ID State Output E-Level Times(r/u/s) Command [run=1/2]
6 running /tmp/ts-out.FzVneG [l1]python infloop.py
0 finished /tmp/ts-out.ixWHm2 0 0.00/0.00/0.00 bash -c echo 1
1 finished /tmp/ts-out.ZzwS11 0 0.00/0.00/0.00 bash -c echo 1
2 finished /tmp/ts-out.GJlyge 2 0.00/0.00/0.00 bash -c
4 finished /tmp/ts-out.lIVMYH 2 0.00/0.00/0.00 bash -c -h
5 finished /tmp/ts-out.8EKHy1 -1 141.23/0.00/0.00 python infloop.py
3 finished /tmp/ts-out.lBr4Wy -1 2545.36/0.00/0.02 bash -c python infloop.py
7 finished /tmp/ts-out.kxCczi 2 0.01/0.00/0.00 bash -c
8 finished /tmp/ts-out.3VkfNh 0 0.00/0.00/0.00 echo
9 finished /tmp/ts-out.8ewxzl 0 0.01/0.00/0.00 echo
10 finished /tmp/ts-out.ahSLaY 0 0.00/0.00/0.00 bash -c echo $GPUID
11 finished /a/home/cc/cs/yuvval/tmp/ts-out.3dpaBO 0 0.00/0.00/0.00 bash -c ls
12 finished /tmp/ts-out.ADWkve 0 0.00/0.00/0.00 bash -c ls
13 finished /a/home/cc/cs/yuvval/tmp/ts-out.xm0jtn -1 130.67/0.00/0.02 bash -c python infloop.py
14 finished /tmp/ts-out.HxBqkm 0 0.00/0.00/0.00 bash -c echo 11
15 finished /tmp/ts-out.ERNuaE 0 0.00/0.00/0.00 bash -c echo
16 finished /tmp/ts-out.9j6hkS 0 0.00/0.00/0.00 bash -c echo $GPUID
17 finished /tmp/ts-out.Y5QDNa 0 0.00/0.00/0.00 bash -c echo $GPUID
18 finished /tmp/ts-out.EIHhoX -1 0.00/0.00/0.00 %s
19 finished /tmp/ts-out.LLw2Wl -1 0.00/0.00/0.00
20 finished /tmp/ts-out.deWAJR -1 0.01/0.00/0.00 echo $GPUID
21 finished /tmp/ts-out.AdZFIf -1 0.00/0.00/0.00 echo 12
22 finished /tmp/ts-out.NBOCVv 0 0.00/0.00/0.00 echo 12
23 finished /tmp/ts-out.5WpfPu 0 0.00/0.00/0.00 echo
24 finished /tmp/ts-out.1lw4bS -1 0.00/0.00/0.00 echo
25 finished /tmp/ts-out.7MNGLQ 0 0.00/0.00/0.00 bash -c echo $GPUID
26 finished /tmp/ts-out.8FZ3on 0 0.00/0.00/0.00 bash -c echo $GPUID
我最好的尝试是:
from StringIO import StringIO as sIO
std = ... # the table text
pd.read_table(sIO(std), sep='\s+', engine='python')
错误:
ValueError:第 2 行中预期有 7 个字段,但看到了 9 个
生成表格的源代码可用。
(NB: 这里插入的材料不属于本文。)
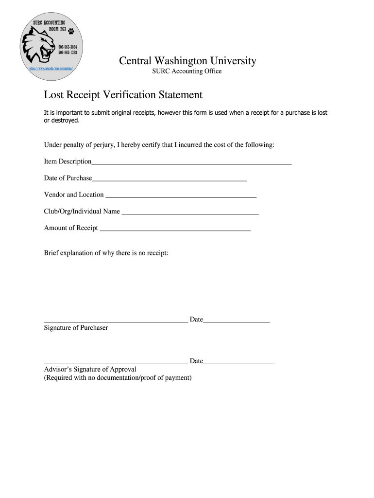 Central Washington University SURE Accounting Officers Receipt Verification Statement It is important to submit original receipts, however this form is used when a receipt for a purchase is lost or
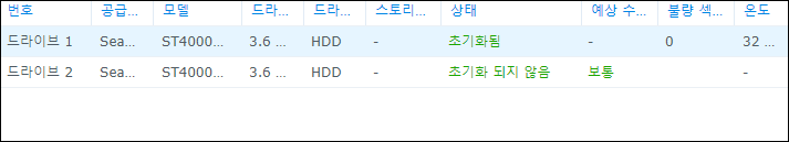 드라이브2 때문에 발생한 오류였는데, 상태가 "초기화 되지 않음"에서 바뀌지 않는다.
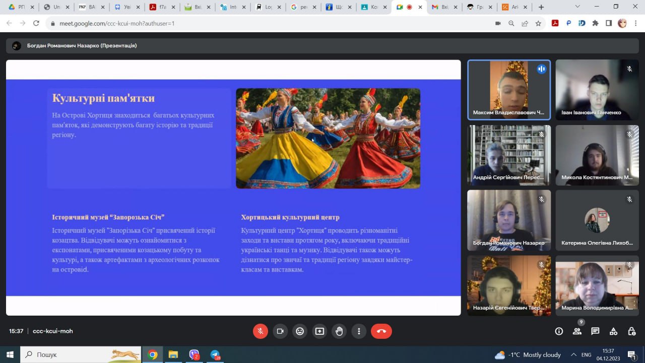 4 грудня 2023 року в групі БІ-308б в рамках години корпоративної культури відбулась віртуальна подорож Запорізькою Січчю та на о. Хортиця.
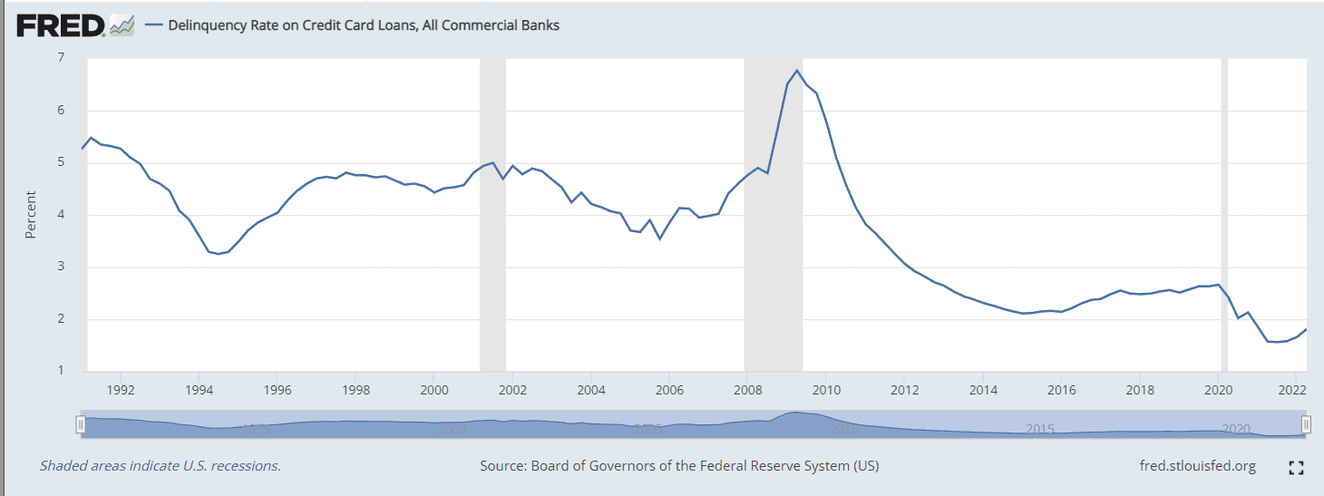 Al ver la salud crediticia del consumidor en Estados Unidos, vemos que los impagos de tarjetas de crédito van en aumento, pero siguen muy cerca del récord a la baja que, a niveles vividos en otras crisis, algo que mucho antes de la debacle financiara de 2008 ya se veía muy elevado, es decir, en los años 2006 y 2007.
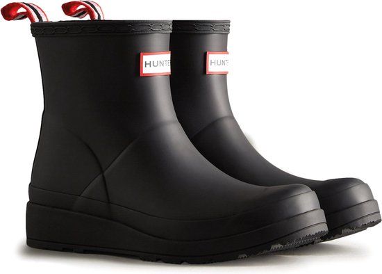 Met deze mooie korte regenlaarsjes van het merk Hunter heb jij gegarandeerd droge voeten wanneer je een regendansje doet! Dit model Play Boot Short heeft een zwart rubberen buitenkant met het merklogo aan de voorkant van de schacht en een handige aant
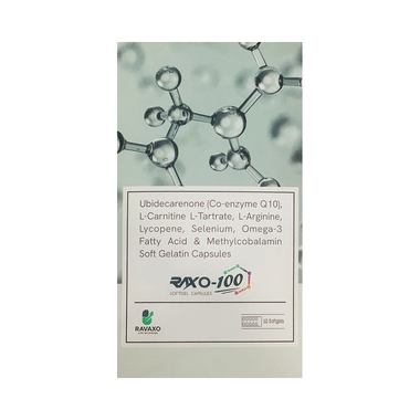 Raxo 100 Softgel Capsule is a combination of multiple nutritional supplements. It is taken to treat conditions caused by nutritional deficiencies such as vitamins, minerals, and other nutrients in the body. It provides essential nutrients to our body and ensures proper growth and helps improve overall health.Raxo 100 Softgel Capsule may be taken with or without food. Take it in the dose and duration advised by the doctor. To get the most benefit, take it regularly at the same time each day and continue taking it until your prescription is finished. Do not take it more than or longer than prescribed by the doctor, as that may cause harmful effects.
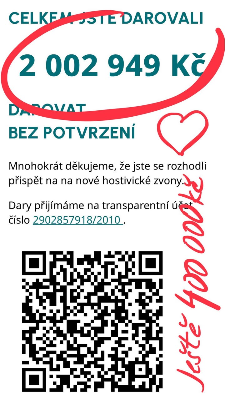 🔔🔔 Veliké poděkování všem dárcům, kteří přispěli na obnovu hostivických zvonů — za 7 měsíců od vyhlášení sbírky se vybralo krásných 376 124 Kč. Když k tomu připočt...
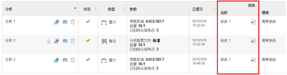 Autodesk® 360 Structural Analysis 网站可以用预定义分析报告的形式提供结果。 您可以采用 HTML 和 PDF 格式查看, 也可以将它们下载并保存到本地。
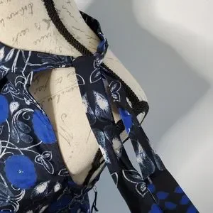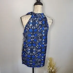 Doe & Rae blue abstract floral halter tank L . Boho. Measurements for the chest and length are in the pictures. One shoulder does tie together with ribbon. Very pretty style. Smoke-free home. If you have any questions please ask before purchasing. Thank you
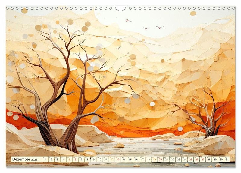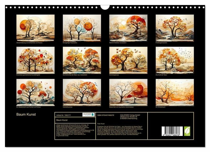 Entdecken Sie die Schönheit der Natur - neu interpretiert mit diesem Baum-Kalender. Tauchen Sie ein in die Welt kunstvoll geprägter Bäume. Erleben Sie die Schönheit geometrischer Kunst, bei der runde Formen und anmutige Wellen im Mittelpunkt stehen. Warme Farbtöne akzentuieren diese fantastischen Bäume, bei denen Modernität und Geometrie nahtlos ineinander übergehen. Der Fotokünstler Peter Roder hat faszinierende KI-Bilder gestaltet. Der perfekte Kalender für Kunst- und Naturliebhaber.
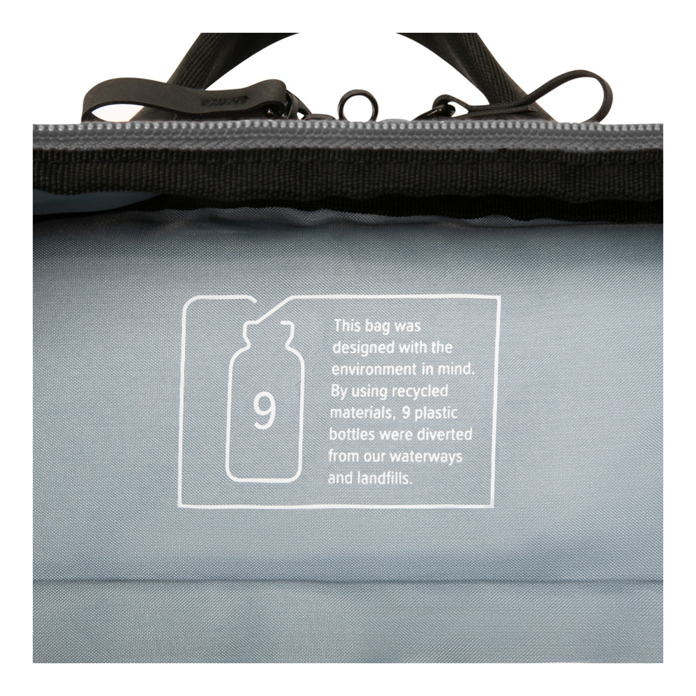 By using GRS-certified recycled materials, 9 plastic bottles were kept out of our waterways and landfills, shredded into small flakes, re-polymerised into plastic pellets, and heated and spun into yarn that was stitched, and sewn into the fabric of this EcoSmart® bag.
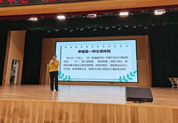 5月18日下午,经贸管理教学中心组织全体学生聆听了一场心理健康主题讲座。讲座的主讲人是青年教师朱秋平,主题为《做一个幸福的人》。

以下是生成每一行的命令。这可以帮助将表读取到数据框吗?
if (p->label)
snprintf(line, maxlen, "%-4i %-10s %-20s %-8i %0.2f/%0.2f/%0.2f %s[%s]"
"%s\n",
p->jobid,
jobstate,
output_filename,
p->result.errorlevel,
p->result.real_ms,
p->result.user_ms,
p->result.system_ms,
dependstr,
p->label,
p->command);
else
snprintf(line, maxlen, "%-4i %-10s %-20s %-8i %0.2f/%0.2f/%0.2f %s%s\n",
p->jobid,
jobstate,
output_filename,
p->result.errorlevel,
p->result.real_ms,
p->result.user_ms,
p->result.system_ms,
dependstr,
p->command);
这有点烦人,但由于输出日志中的分隔符不一致(有时是多个空格,有时是制表符,最后一列通常只有一个空格),在用 pandas 解析文件之前,如果不向文件应用任何额外的逻辑,就很难解析。 我个人不喜欢在 python 中打开文件来修复它,然后用 pandas 加载它,所以我只需在 python 中加载文件之前向我的管道添加一个简短的
sed
命令(如果您是使用 Linux 并且日志文本是从文件加载的)。
您可以添加:
cat logfile.log | sed -r 's/\s\s+/,/g' | sed -e 's/\([[:digit:]].[[:digit:]]\{2\}\) /\1,/' > logfile.csv
然后您只需用逗号替换所有空格以及最后一个有问题的空格即可。 文字则从:
ID State Output E-Level Times(r/u/s) Command [run=1/2]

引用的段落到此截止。